You *are* part of the problem.
I can walk down any street at any time of day and not fear for my personal safety.
I often take precautions when I am walking out and about both alone and in a group, most especially at night but I am cautious during the daytime too.
“Thanks for a good night.”
“Text me that you’re home safe.”
I wear what I want when out in public.
I deliberately think about where I’m going when deciding what to wear and often change deliberately if going to certain public places.
Remember going to get your eyes tested?
I don’t, not really. I haven’t had my eyes tested for over a year. Can’t think why.
But you know when the optician asks you ‘Is it better with number 1 or number 2?’.
That’s what these statements show.
Two sides to the same coin.
I write this piece from a privileged straight, white, cis-male experience. It’s something I feel that I often caveat my writing with and with good reason. Because despite all the empathy in the world. I don’t know what it’s like.
What it’s like to feel, live and be those bold statements which represent women’s experiences across the UK and the world. An experience that I understand only through empathy, self-report accounts and directly from women both directly in my life and hearing stories from others online.
But men, listen. We need to talk. To ourselves and to each other.
This case with Sarah Everard is not unique. And unfortunately it won’t be the last. But it ought to be.
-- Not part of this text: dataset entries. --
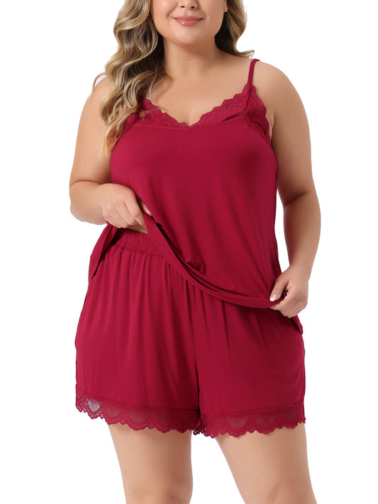 Women Plus Size Pajama Lace Chemise Shorts Set Nightwear Sleepwear Lounge Set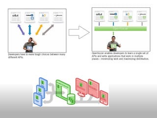 O OpenSocial é uma API que permite desenvolver aplicativos sociais compatíveis em diversas redes sociais, utilizando JavaScript, HTML e dados do Google. Foi lançado em 2007 e licenciado sob Creative Commons, possibilitando acesso a amigos, publicação de atualizações e armazenamento de dados.
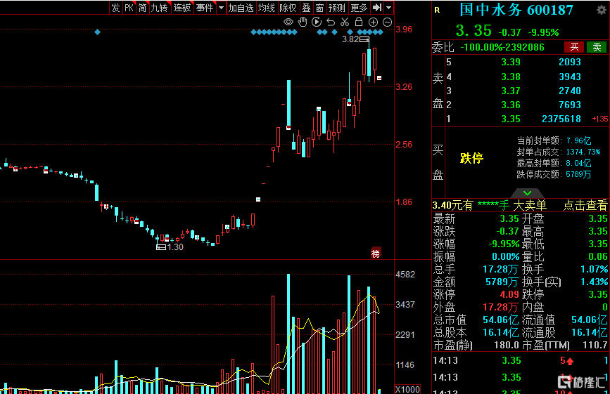 8月26日,国中水务一字板牢牢锁死跌停,截至发稿,股价报3.35元/股,封单超237万手,成交额超5700万元。

We need to talk about sexual assault, sexual harassment, misogyny, rape, masculinity. It’s all linked. It creates culture which drives behaviour.
UN Women UK recently revealed that 97% of 18-24-year-old women said they had been sexually harassed and 80% of women, of all ages, said they had experienced sexual harassment in public spaces. That’s the study that’s been cited the most on my social feeds over the last couple of weeks.
So, needless to say, this is an enormous problem and yet somehow, I feel like we still don’t hear about it enough.
Too many men will dismiss the behaviour of themselves, their friends and peers.
Too many men consciously or unconsciously define their masculinity dependent upon how they relate to women. Often having their masculinity shaped by the sexual objectification and dehumanisation of women.
Too many men will disengage, prevent or otherwise refuse to have constructive and engaging conversations about these clearly difficult subjects from sexual harassment to rape.
We must find ways as men of bringing other men along, of meeting each other where we are enabling conversations most don’t want to have.
So, let’s think about these issues and put the focus on men. I’m not here to sociologically deconstruct our entire culture. Others do that much better than me.
But I am an observer. It’s easy enough to tell that we focus everything around women and put the emphasis on victims of sexual assault and harassment.
In order to make any progress, we need to flip the script permanently. We need to change our collective focus and go beyond the social posting when events such as Sarah come up.
And. Do. Better.
We need to ask ourselves what accountability actually looks like and then strive to embody it day to day.
A possible starting place for us men, then…
· Acknowledge that it starts with you. Take responsibility that you are part of the problem. We need to help ourselves to own this problem, because it’s ours to own.
· Start with having open conversations with friends, family and peers on their inappropriate behaviour and report serious behaviours.
· Beyond open conversations, actions matter. When inappropriate language or actions take place, call it out and treat it for what it is. Take action, don’t ignore it.
Take reasonable precautions like texting your friends when you’re out and walking in well-lit areas.
Don’t assault.
Share your negative experiences, then people will see how widespread problems like sexual harassment are.
Don’t use reductive language. Don’t be misogynistic.
Take security protections and delete inappropriate pictures you receive.
Don’t send women unsolicited pictures.
“You should take it as a compliment”…
Don’t catcall or harass online.
It goes without saying this list is meant to demonstrate the hypocrisies we have in our society related to these issues. I believe that if we focus more of the conversation around men – and we men do the work. Then we can make the progress we need to make; but this list is the bare minimum and we have to do so much better.
Take care out there,
Ryan
If you have been affected by the issues in this blog post, call NHS 111 or Samaritans 116 123.